Update directory details for your WorkSpaces Pools - Amazon WorkSpaces
AuthenticationSecurity groupActive Directory ConfigStreaming propertiesIAM roleTags
Services or capabilities described in Amazon Web Services documentation might vary by Region. To see the differences applicable to the China Regions, see Getting Started with Amazon Web Services in China (PDF).

Update directory details for your WorkSpaces Pools

You can complete the following directory management tasks using the WorkSpaces Pools console.

Authentication

You can configure additional authentication options for your WorkSpaces Pools.

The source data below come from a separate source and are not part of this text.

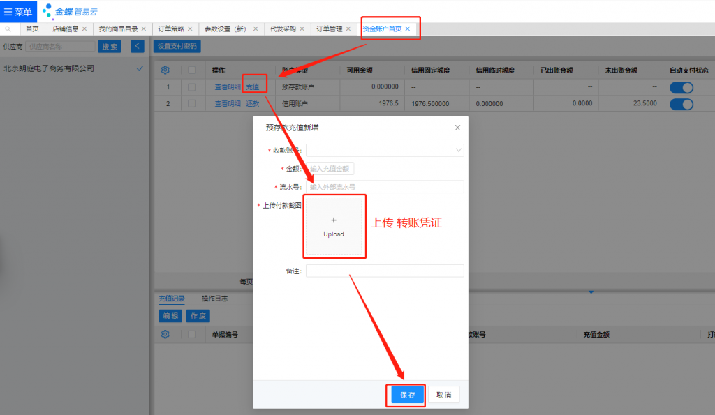 第二步、上传 转账凭证 到系统,联系群财务  审核充值
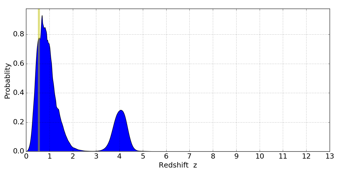 In P(z) plots: Yellow lines mark the cluster redshift z = 0.546,
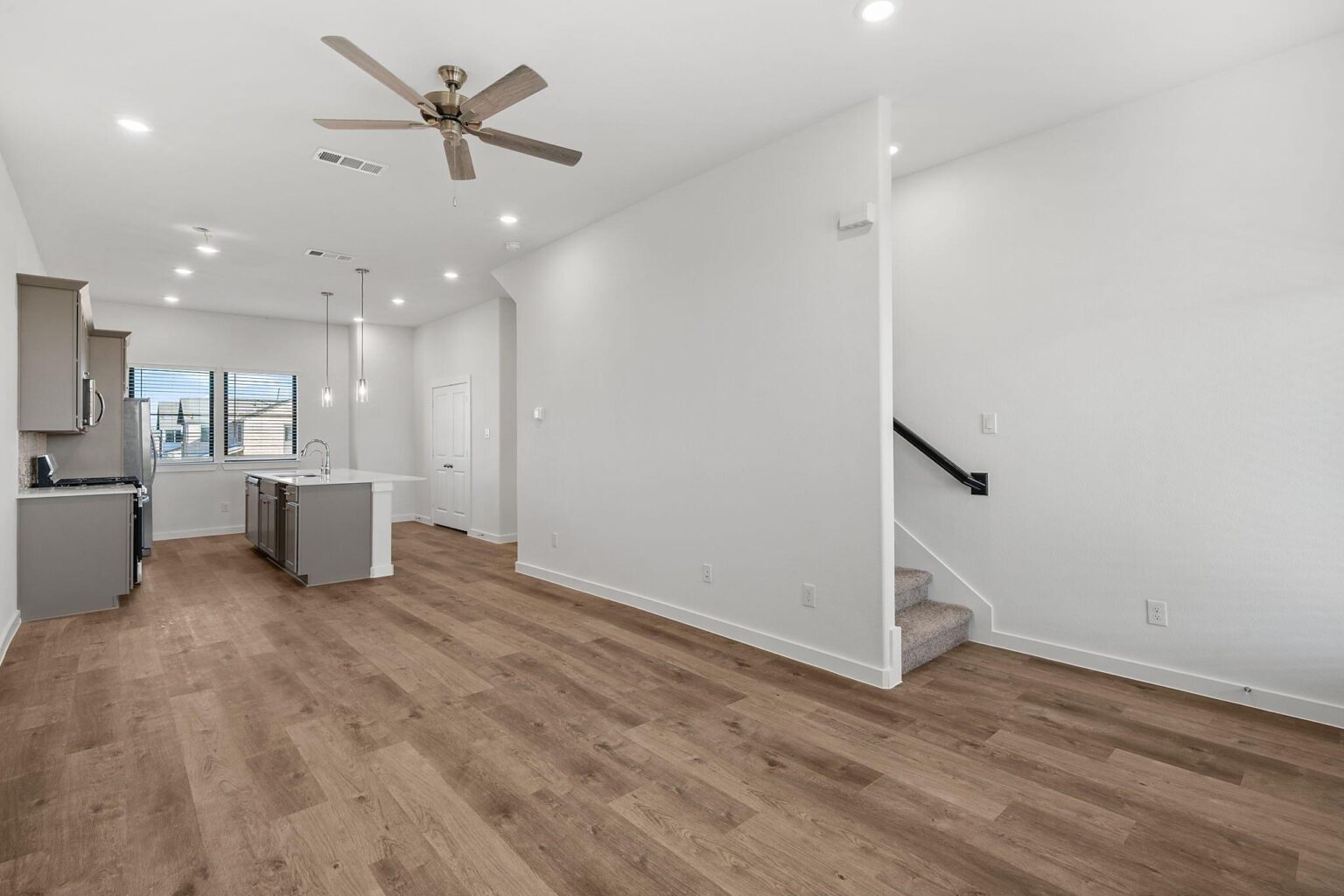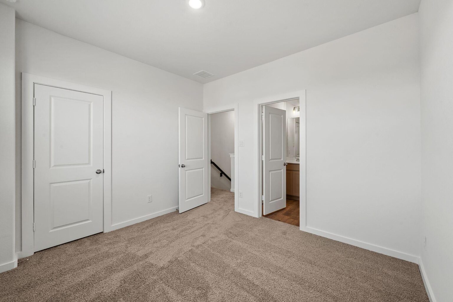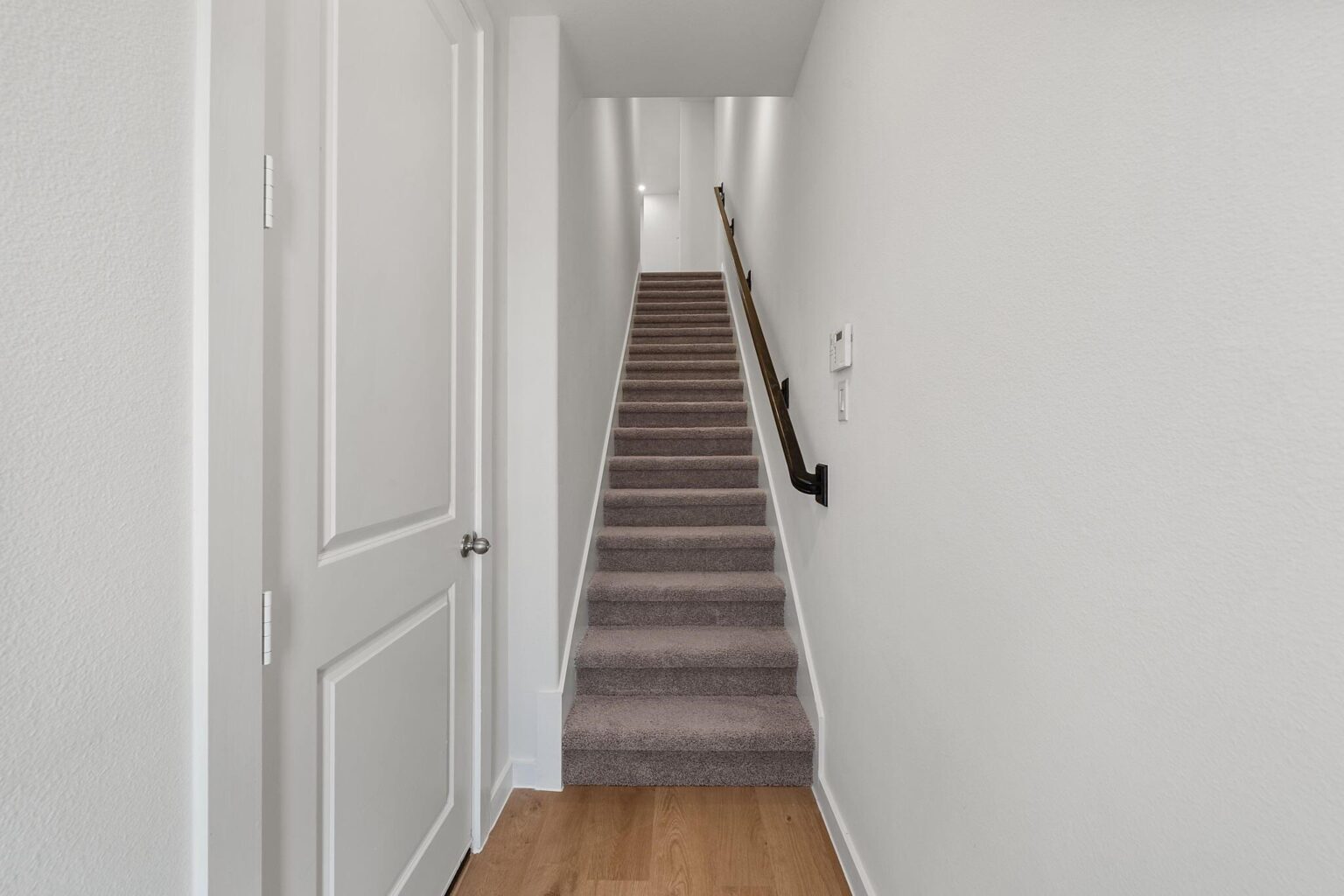 The Cypress floorplan is a smartly designed 1,231 sq. ft. townhome-style layout offering three levels of modern, efficient living. The first floor features a deep two-car garage with extra storage space and a welcoming foyer entry. On the second floor, an open-concept kitchen, living, and dining area creates a bright and flexible space, complete with a private deck for outdoor enjoyment. The top floor includes a well-appointed primary suite with a spacious bath, along with a secondary bedroom featuring its own walk-in closet and adjacent full bath. A conveniently located laundry area adds everyday ease. With its thoughtful layout and contemporary flow, this plan is ideal for those seeking low-maintenance living without sacrificing style or comfort.
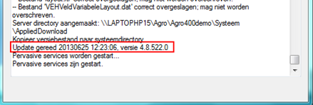 Als het systeem de Agro server directory kan vinden, zal hij de actuele versie tonen, in andere gevallen krijgt u een foutmelding.
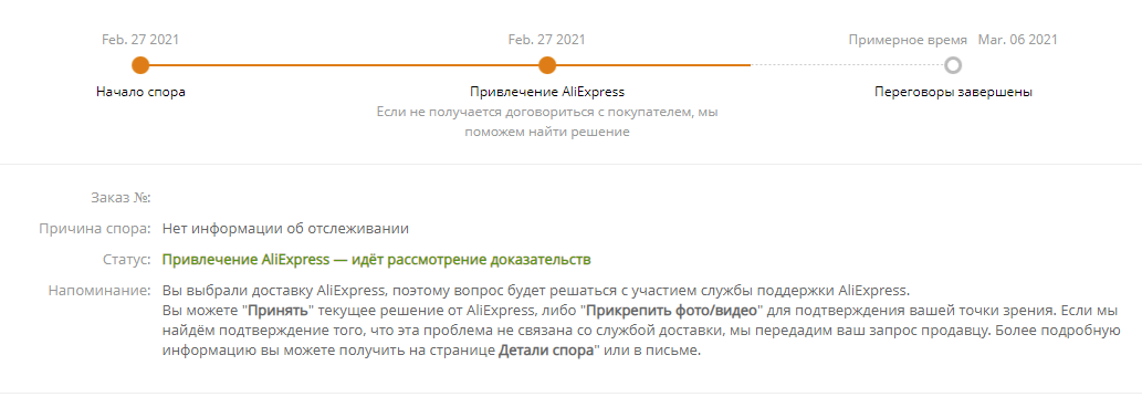 Мой вопрос имел скорее технический характер, если ли у али какое-нибудь минимальное количество дней, которое нужно прождать перед тем как открыть спор по причине ноу-трекинга?

Pools requires SAML 2.0 authentication.

To enable and configure SAML 2.0 Identity Provider authentiation

  1. Open the WorkSpaces console at https://console.amazonaws.cn/workspaces/.

  2. Choose Directories in the navigation pane.

  3. Choose Pools directories.

  4. Choose the directory you want to configure.

  5. Go to authentication and choose Edit.

  6. Choose Edit SAML 2.0 Identity Provider.

  7. Check the Enable SAML 2.0 authentication checkbox.

  8. Enter the User Access URL to direct the WorkSpaces Pools client during federated sign-in.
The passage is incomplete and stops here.